I’ve just started a small assignment for the OPF to investigate the options for a new file format registry, part of the toolbox needed for long-term preservation of digital material by archives, libraries and other memory institutions. This initiative was kicked off and sponsored by the National Archives of the Netherlands, and is now in progress under the auspices of the OPF.
Most readers of this blog will know very well what a file format registry is and why you need one. But for people new to the world of digital preservation, I’ll very briefly explain: in order to make sure you can still access all your files in 10, 50 or a 100 years you first need to know what kind of file formats you’ve got and the tools available to work with them.
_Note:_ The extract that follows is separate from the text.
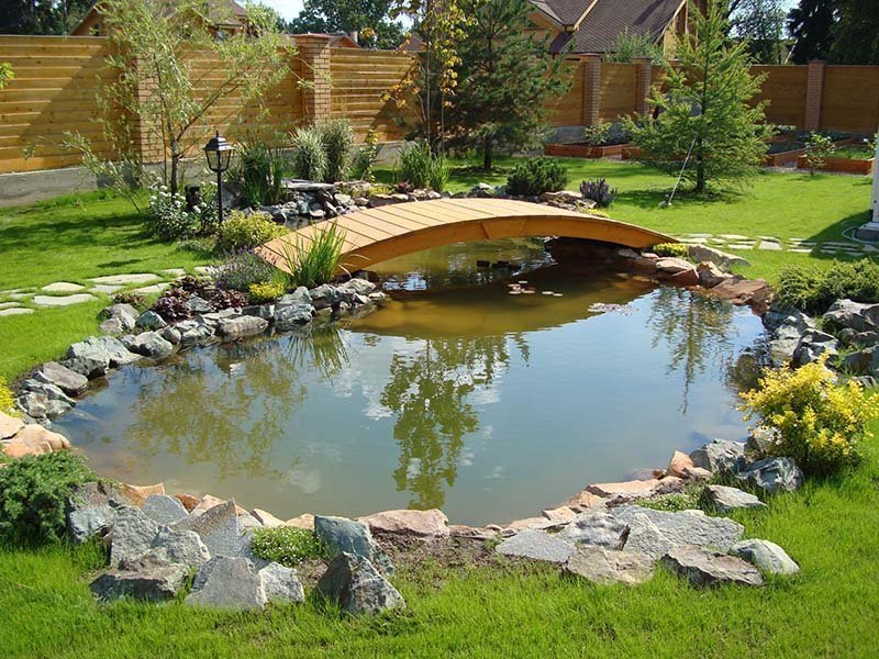No te dejes llevar por las piedras. Deben verse naturales en el medio ambiente. Si el estanque es ancho, las balsas o macizos de flores flotantes se pueden bajar al agua. Además, un puente hecho de troncos, ramas gruesas o un secador de abedul es adecuado para la decoración.

For institutions with a responsibility to look after our records of government and cultural history this is a high priority. So step 1 is to systematically track file formats and information about them.
Registries of this kind already exist, notably the UK National Archives PRONOM system, the GDFR system from Harvard University Library and the PLANETS Core Registry (which was itself closely based on PRONOM).
So why do we need another one? The field of digital preservation research is still only a decade or two old and many lessons are still being learned: the first generation of registries have done a great job in many respects but have also highlighted new requirements.
An important issue arises from the large amount of ongoing research effort required to keep on top of the wide range of file formats in use, with new types of digital material and new software appearing all the time. This is not a job that any one institution can afford to do by itself, so sharing of information is essential, between archives, libraries, universities, software vendors and individual experts. Also, the information you need is a mixture of facts and policy choices. The specification for PDF1.4 may not be open for argument, but choices on how to manage PDF files over the long term and what tools to use may vary from one organization to the other.
The problem is in many ways one of distributed web publishing, with the need for unambiguous shared identifiers, so everyone knows when they are talking about the same thing. The information to be stored about file formats is complex and a precisely defined shared vocabulary for format descriptions is essential for effective information sharing. So it’s a very natural fit for Linked Data. That’s one of my main professional interests and laying out how it could be usefully applied to this problem is one of my tasks.
But the first priority is to set out the issues we need to tackle. Over the next couple of months, I’ll be pulling together an outline of the concept of how such a distributed registry could work and aiming to narrow that down to an initial set of requirements.
For an idea of where that is going see the report “A New Registry for Digital Preservation: Outline Proposal for Discussion” (204kB PDF.) I’d certainly welcome input from the well-informed and opinionated (in a good way 🙂 ) readers of the OPF blogs. Please begin your rants in the comments to this post!
It will also be one of the topics of discussion at the forthcoming OPF workshop and hackathon in Amsterdam. I hope to talk to many of you about it there. Registrations close on Friday 5 November, so if you’re not registered yet, be quick!